Well, if you use heavy weights and low reps to build any other muscle group, why would you use 21 reps to build bigger arms? This, to me, sounds like it is more of an endurance exercise. So you will be training your muscles for stamina rather than size. But, again, will you really be training your biceps properly?

The bicep is a 2-headed muscle. It also only has just one range. This makes bicep training limited to curling movements. There are different variations of curls out there but these variations do not involve partial movements. The variation comes in the form of wrist position, e.g. hammer curls, supination curls.

21s for shoulders

I’m not sure of the name but I believe a body builder in the 50s or 60s invented 21s. He actually invented this method for the deltoids (shoulder muscles).

This, to me, makes much more sense.

As the deltoid is a 3-headed muscle group, you are able to do 7 reps rear delts (posterior), 7 reps for lateral delts and 7 reps for front delts (anterior).

You will notice that by targeting each head of the deltoid separately with an isolation exercise, you will develop a full capped set of shoulders.

I would suggest, if you are going to use the “21s method” in your training, that you do this for three-headed muscle groups. If you were doing shoulders, try the following instead:

  • 7x bent over raises with dumbbells or reverse pec dec
  • 7x lateral raises with dumbbells
  • 7x front raises with a barbell

I have used this in workouts before. Personally, I would recommend this kind of thing as a “pre-exhaust” exercise before doing your shoulder presses.
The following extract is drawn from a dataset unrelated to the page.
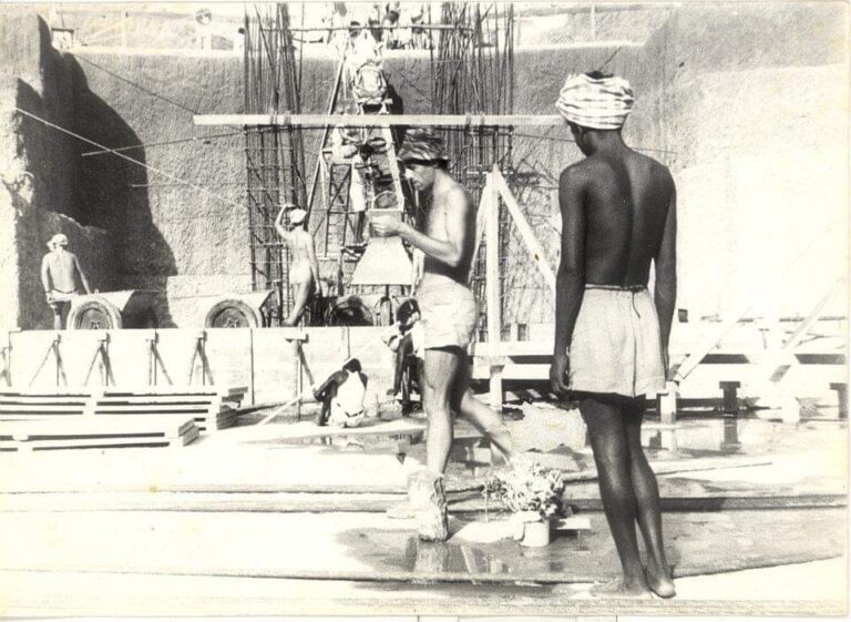 Bij de lunch zaten vooral Nederlanders die al vroeg in de ochtend begonnen waren. Ze stonden bekend als harde werkers. Het beton storten gebeurde meestal ’s nachts omdat het dan koeler was.In 1981 gaf Ruud een klusje aan Martin Schreurs om het beton dat op enkele punten uitstak uit het frame met de hand uit te bikken. Dat kostte Martin 14 dagen bikken. Aan het eind van het werk reciteerde Martin uit de Yoga van de King (Savitri):

Pre-exhaust means that you do these as the first exercise on your shoulder days. This will get your muscles working harder on your presses. You might find, if you do this, that you are weaker on your presses but that’s why it’s called a “pre-exhaust exercise.”

This, in a nutshell, is my view on Bicep 21s for bicep growth. I am not a fan of this type of training and you won’t catch me in the gym training my biceps in this way any time soon.

I hope this has been useful? If you do have any questions about anything I have mentioned in this article, please leave a comment and I’ll do my best to answer your questions in a reply.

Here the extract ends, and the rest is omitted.